Aber ne sehr wackelige Angelegenheit


----------



## JohannesR (19. Juni 2003)

Naja, ganz an den Anfang halte ich für nicht klug. Besser irgendwo mitten rein.


----------



## Marvin (20. Juni 2003)

> _Original geschrieben von boom _
> *Naja, ganz an den Anfang halte ich für nicht klug. Besser irgendwo mitten rein. *



Hast schon recht, dachte halt nur ganz an den Anfang wegen dem Google-Robot, aber der findets ja auch wenns woanders steht.


----------



## grusi (7. April 2004)

Hallo zusammen,
wer seine Web-Seiten wirklich sinnvoll schützen will, der sollte sie tatsächlich nicht veröffentlicht. Das wurde hier bereits angesprochen und ist wohl auch der sicherste Schutz. 

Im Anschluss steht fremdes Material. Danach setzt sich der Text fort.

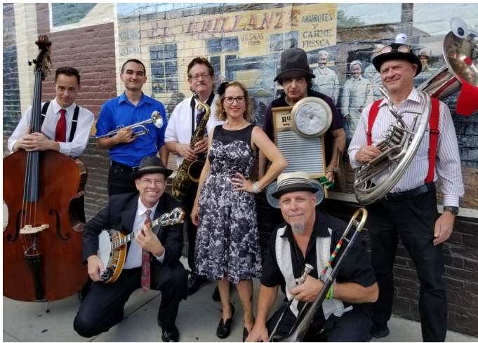
The Barrelhouse Wailers

The Barrelhouse Wailers serve up their own take on Prohibition Era hot jazz and blues music of the 1920's and 1930's. They perform on only acoustic instruments to retain the authentic sound of that period. The Wailers bring their passion and energy to the style, making it as fresh today as it was when it was the newest, hottest dance music 100 years ago! This eclectic crew really entertains with a whole lot of jazz, a pinch of blues, and a bayou full of New Orleans swagger. They have been influenced by a cocktail of artists, past and present, like Bessie Smith, Ella Fitzgerald, Preservation Hall Jazz Band, Tuba Skinny, Sydney Bechet, Billie Holiday as well as Traditional New Orleans Jazz, Classic Blues, Country Blues and Big Band sounds.

Dennoch haben wir in einer gemeinsamen lockeren Stammtischrunde vor einiger Zeit über dieses Thema diskutiert. Dabei haben einige Kollegen versucht mit verschiedenen Möglichkeiten eine Webseite vor dem Diebstahl zu sichern. Ich betone erneut, es gibt keinen hundertprozentigen Schutz. Dennoch hat man Möglichkeiten zumindest im Ansatz seine Dateien zu schützen. Ob sich der dafür nötige Aufwand lohnt, das steht wohlauf einem anderen Blatt. 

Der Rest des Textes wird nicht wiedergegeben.